The problem is now escalated to the developers in VMWARE and since they were able to reproduce the problem in house we expect a solution in a reasonable time. A bunch of scripts anyway can haelp us to workaround the problem at the moment.
I have same problem but VMware are unable to find any reference internally to this. Do you have the SR number for this problem so I can give to VMware? Do you have any further info on wheterh this is fixed in a future update?
Thanks
SteveH
The problem has been addressed (and according to VMWARE fixed) in the Update 1 for VCenter.
From the release notes
Virtual machine with vDS loses network connectivity on failover
After the primary datastore of a virtual machine is relocated, the virtual machine might lose network connectivity upon failover if the source virtual machine is configured with vDS. This issue might also occur on a virtual machine that is deployed from a template. An error message similar to the following might be displayed in the vCenter Client if you try to restore the network connectivity on the virtual machine:Invalid configuration for device ’0′
This issue is resolved in this release.
Wonderful, Thanks for the info.
I experienced the same problem but all my components are version 4 update 1 so looks like the problem is not entirely fixed.
Restarting/shutdown of the VM from within vCenter didn’t fix it and I didn’t try restarting the management agents on all the ESX hosts either.
I found a much simply solution. I changed the portgroup membership to something else, then changed it back to what it should be, then checked the Connected box.
Hi KMF
yes you are right the problem is not fixed with Update 1. I forgot to update the post.
It will be fixed with Update 2. We are running Update 2 Early Access at the moment and the problem is fixed.
It turned out that it is a race condition between ESX/HA and vCenter.
To make it simple: HA restarts a machine, after an HA event, but vCenter is not aware yet of the HA event so when the ESX host is going back to vCenter reserving the port in the dvSwitch, vCenter disconnects the VM because the port is in use (by the same VM in another host according to its version of the dvSwitch).
Your workaround is fine if you want to script it.
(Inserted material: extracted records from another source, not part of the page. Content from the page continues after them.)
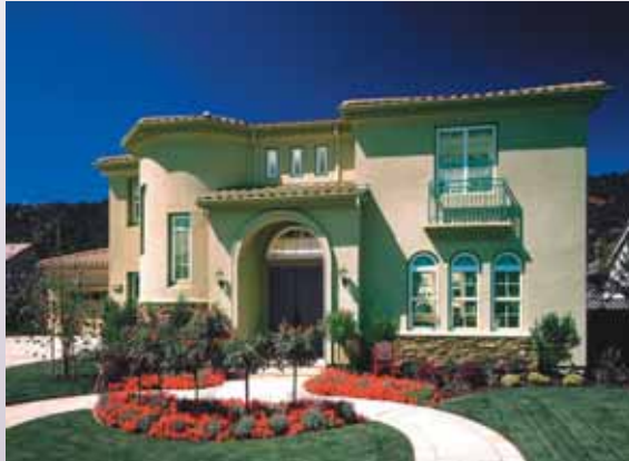
Pleasanton 1612 Laguna Hills Ln $2,199,950 5 BD, 4½ BA, Approx. 4,791 sq.ft., Brand New, Model home w/extensive upgrades on flooring, appliances, furniture/accessories and more! DAILY 10-5 pm CALL (925) 931-9898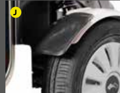
Front rubber mudflaps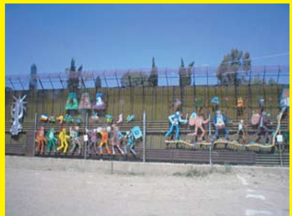
A section of the wall that separates Mexico from the United States. People on the Mexican side have decorated the wall with hopeful figures, minimizing the harshness of the wall.

Ephesians 2:14 – “...for Jesus is our peace, who has made us both one, and has broken down the dividing wall of hostility.”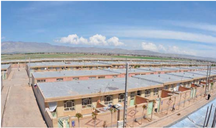
The Sharak Mustafa settlement...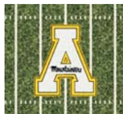
1014 Devil End Zone Color: Red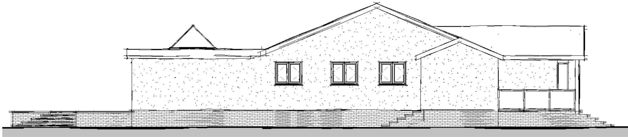
Side Elevation 02 1 : 100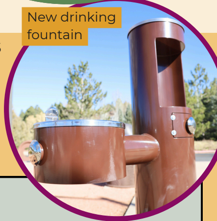
New drinking fountain

A total of ten new drinking fountains with water bottle fill stations have been installed throughout our athletic and park spaces. Parks staff have been hard at work to replace the old and outdated fountains. The fountains are currently turned off for the winter but will be up and running in the spring.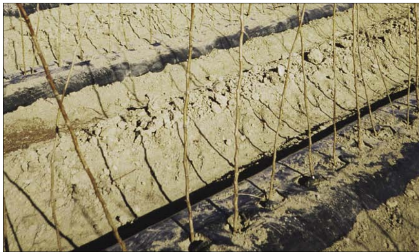
10 Planting into raised beds or ridges can help to prevent a proportion of the root system from being waterlogged

A Horticulture LINK project that is part funded by HDC (SF 63) and conducted at the Scottish Crop Research Institute has been undertaken to identify genes in resistant raspberry varieties that confer a resistance trait to Phytophthora root rot. Having identified these genes, it should be possible in future raspberry

If you are working from vSphere client though you can have the same effect simply reselecting the same port group (scroll down the dvProtGroup and reselect).
Unfortunately any VMs that were created prior to the update being applied will need to have their network cards removed and recreated in order for the fix to apply.
See http://kb.vmware.com/selfservice/microsites/search.do?language=en_US&cmd=displayKC&externalId=1017861
Did you have the same problem or did you find some other way of getting it to work?
Hi Jason
things are a bit confusing here because we are in front of two different problems that show up with the same behaviour (Invalid configuration for device 0)
Update 1 only addresses one of them and the official workaround is the one you mentioned.
According to my experience is sufficient to move the vnic to another dvPortGroup and than move it back or re-select the same port group (scroll down the dvProtGroup and reselect). Both these activities will trigger hostd updating the configuration in the vCenter database (VPX_DVPORT table) for the port resyncing it with the one in the dvSwitch in the ESX (you can see it with net-dvs from ESX).
Once this is addressed you can still have the “race condition problem” I mentioned (and we experienced) were vCenter is not coping with HA. Update 2, should be released in the next few days if not today, will fix also this second problem.
Going back to your question :
My answer is: yes. We scripted a change of the dvPortGroup configuration to “ephemeral – no binding” from port binding “static binding”.
In ephemeral binding the dvPortGroup behaviour will resemble the vSwitch behavior while assigning ports. ESX will assign ports to the VM.
In this way you will cut away the vCenter dependency to configure/reconfigure VMs connectivity but you will still benefit of the centralized administration offered by the dvSwitches.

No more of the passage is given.